- TASK BRIEF
Repeat exactly the lines beginning at the one that contains "Modern Brush Script" and running to the end of the material. Omit the pictures.

- PROVIDED MATERIAL
################

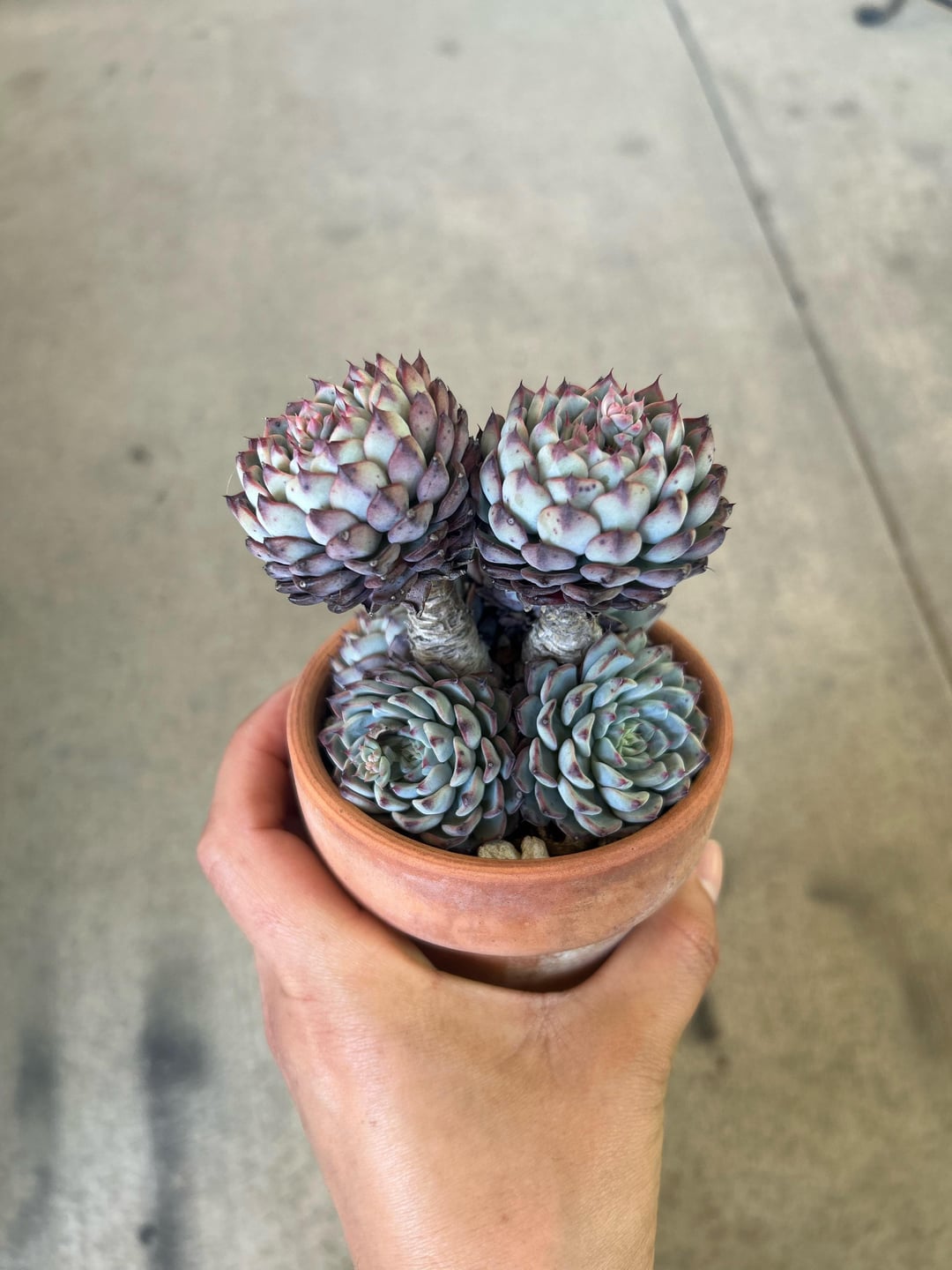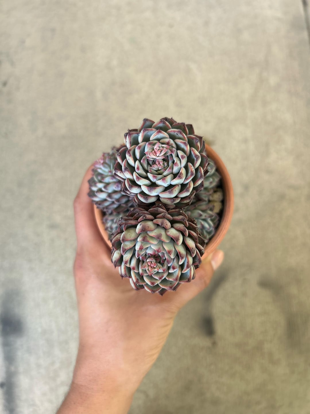 This echeveria is overdue for a repot; the pups are crowded and overflowing. However the plant is about to shoot off some blooms. Should I just wait till after the blooms? Or will it not affect much? If you have an I.D. that’d be helpful too haha 😅
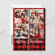Modern Brush Script Family 4 Photo Christmas Red Plaid Postcard
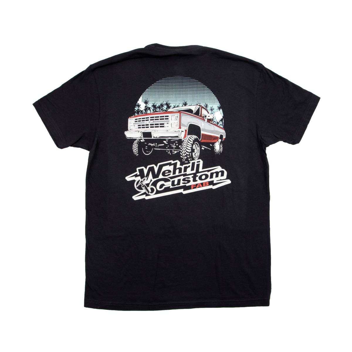 Black Bandit T-Shirt. Features a WCFab logo with TIG torch on the front. Back of t-shirt features square body truck with corn.
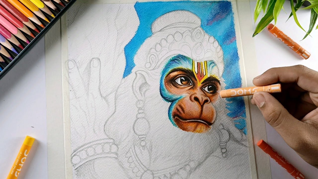 Hanuman Ji Drawing | Oil pastels drawing, Step By Step - YouTube

################

- RESPONSE BOX
Modern Brush Script Family 4 Photo Christmas Red Plaid Postcard
 Black Bandit T-Shirt. Features a WCFab logo with TIG torch on the front. Back of t-shirt features square body truck with corn.
 Hanuman Ji Drawing | Oil pastels drawing, Step By Step - YouTube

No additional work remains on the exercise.